Jelaslah, bukan hanya jiwa kesatria yang merasuk dalam diri Maryam, keberanian
seorang Ibrahim juga hadir dalam diri Maryam. Keberanian untuk keluar dan
mengikuti kehendak dan tunduk pada petunjuk Allah saja, juga terlihat dalam
diri Maryam. Sehingga Maryam yang dilukiskan kepada kita saat ini, bukan lagi
sekedar Maryam yang bersukacita dengan menyanyikan pujiannya seperti dalam
Injil Lukas. Lebih lagi, Maryam juga seorang yang berjiwa Kesatria, yang mau
menerima dan berjuang atas apa yang diberikan Allah kepadanya.
Kemudian
perjalannnya yang sendiri ini dan menahan banyak rasa sakit, akhirnya
menggiring Maryam ke pohon kurma di sekitar Yerusalem tempat dimana akhirnya Ia
sendirian dalam proses kelahiran Isa as. Proses kelahiran yang terus memberikan
dia rasa sakit dan menyandarkan dirinya di sebatang pohon kurma. Demikianlah kelahiran
ini dilukiskan dalam Alquran, seolah kemapanan duniawi telah dicabut darinya
demi suatu ujian yang bahkan membuatnya sangat menderita (QS19:23). Eraslan
melukiskan Maryam berada dalam kesendirian yang telah diatur oleh Allah
sehingga dunia dan isinya tidak lagi manis baginya. Bersama dengan keindahan
dan kemegahannya, dunia seolah-olah meninggalkan dirinya. Tidak seperti manusia
yang selalu membahagiakan diri dengan harapan duniawi. Sehingga kesakitan yang
dialami oleh Maryam, bagi Eraslan semua itu adalah rintih dan kepedihan yang
bukan bersandar kepada dunia dan nafsu manusia. Sebaliknya, Eraslan melihat
semua ini sebagai tempahan Allah bagi jiwa Maryam.[21]
Setelah
kelahiran itu selesai, tidak ada seorangpun yang hadir sebagai pelipur lara,
pendukung, penopang, maupun pemberi kesenangan selain Jibril yang datang dan
memberinya kata selamat. Sungguh tidak heranlah jika Eraslan melukiskan Jibril
sebagai sahabat bagi Maryam, teman berbagi dan juga penopang bagi Maryam[22]
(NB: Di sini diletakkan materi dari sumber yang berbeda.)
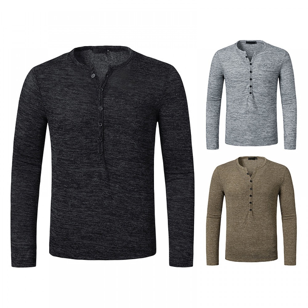 New Hollow Men's Autumn and Winter Long-Sleeved Base Waffle Henry Collar T-Shirt
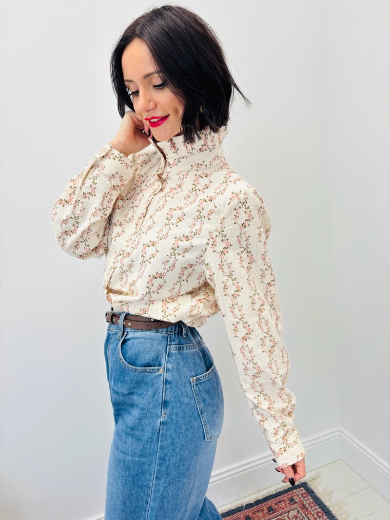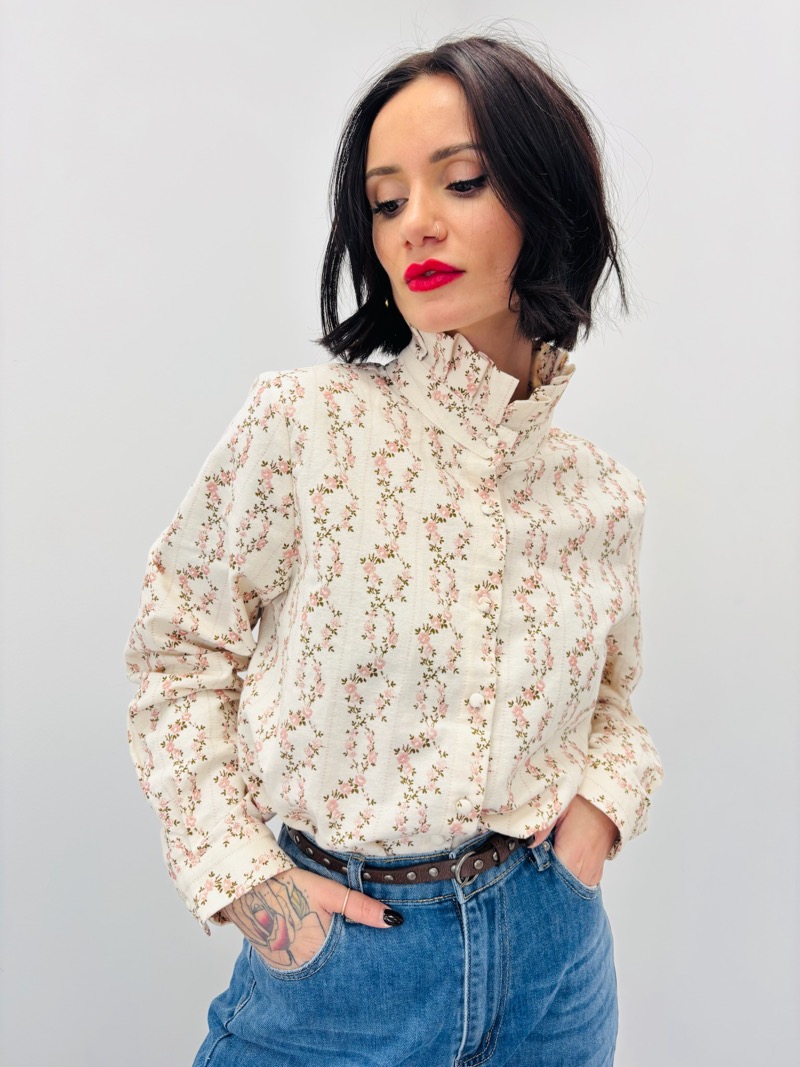Cette chemise en coton imprimé à col victorien incarne parfaitement l’élégance intemporelle et la féminité délicate. Son imprimé floral raffiné, associé à une coupe soignée, en fait une pièce forte et facile à intégrer dans une collection prêt-à-porter féminine à l’esprit chic et bohème.
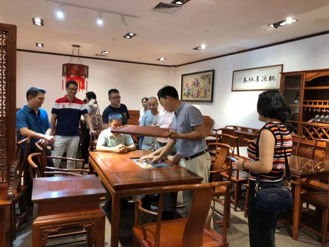 陈总带领我们参观了红木家具成品,向我们一一介绍了各式木料家具,让大家切身体验红木文化,细细品味雕刻工艺的精髓魅力,悉心解答大家对红木家具的疑惑,让大家有进一步了解,懂得如何挑选适合自己的产品。

Lagi (!), pernyataan untuk perempuan yang lemah dalam kontruksi sosial,
seolah-olah dipatahkan dalam kisah Maryam ini. Perjuangan Maryam bersama
penderitaanya tidak membuat dia terpuruk dalam rintihannnya, jiwanya ditempah
oleh Allah dan Malaikat menjadi pengusap bagi pungggung dan membelai rambutnya
sebagai sahabat Maryam. Tidak heranlah, jika Maryam bagi penulis bukan hanya
sebagai Bunda bagi Sang Nabi, tetpai Maryam juga sekaligus sebagai Ayah bagi
Sang Nabi.
Setelah
proses kelahiran tersebut, Maryam akhirnya bernazar untuk tidak berbicara
dengan manusia manapun yang ditemuinya. Hal ini memberikan suatu isyarat kepada
kita akan bentuk penyerahan Maryam kepada Allah. Karena semua kejadian yang
menimpanya memang datang dari sisi Allah dan hanya Allah pula yang akan mampu
membelanya dengan cara paling baik. Seperti yang dituliskan oleh Eraslan;
Biarlah Maryam tidak bicara. Biarlah ia dalam diam
seribu bahasa. Biarlah ia diam seribu kata. Sebab, “kata-katanya” telah berada
dalam gendongannya. Apalagi, Maryam sudah mencurahkan semuanya. Ia luapkan
hingga tak tersisa. apa-apa. Selain Ruhullah yang ada dalam buaiannya. Dialah
sang “Kalamullah” yang menjadi dalilnya. Sang dalil yang julukannya adalah Isa
as. putra Maryam. Dialah kini yang akan mengatakan kata-kata yang paling baik.[23]
Nazar
ini jugalah yang menjadi loncatan awal untuk kisah selanjutnya saat Maryam
membawa Isa as. kepada kaumnnya dengan menggendongnya.
3. Maryam
dan Pasca Kelahiran Isa as.– QS 19:27-34
Maka Maryam membawa anak itu kepada kaumnya dengan
menggendongnya, Kaumnya berkata: “Hai Maryam, sesungguhnya kamu telah melakukan
sesuatu yang amat mungkar. Hai saudara perempuan Harun, ayahmu sekali-kali
bukanlah seorang yang jahat dan ibumu sekali-kali bukanlah seorang pezina.”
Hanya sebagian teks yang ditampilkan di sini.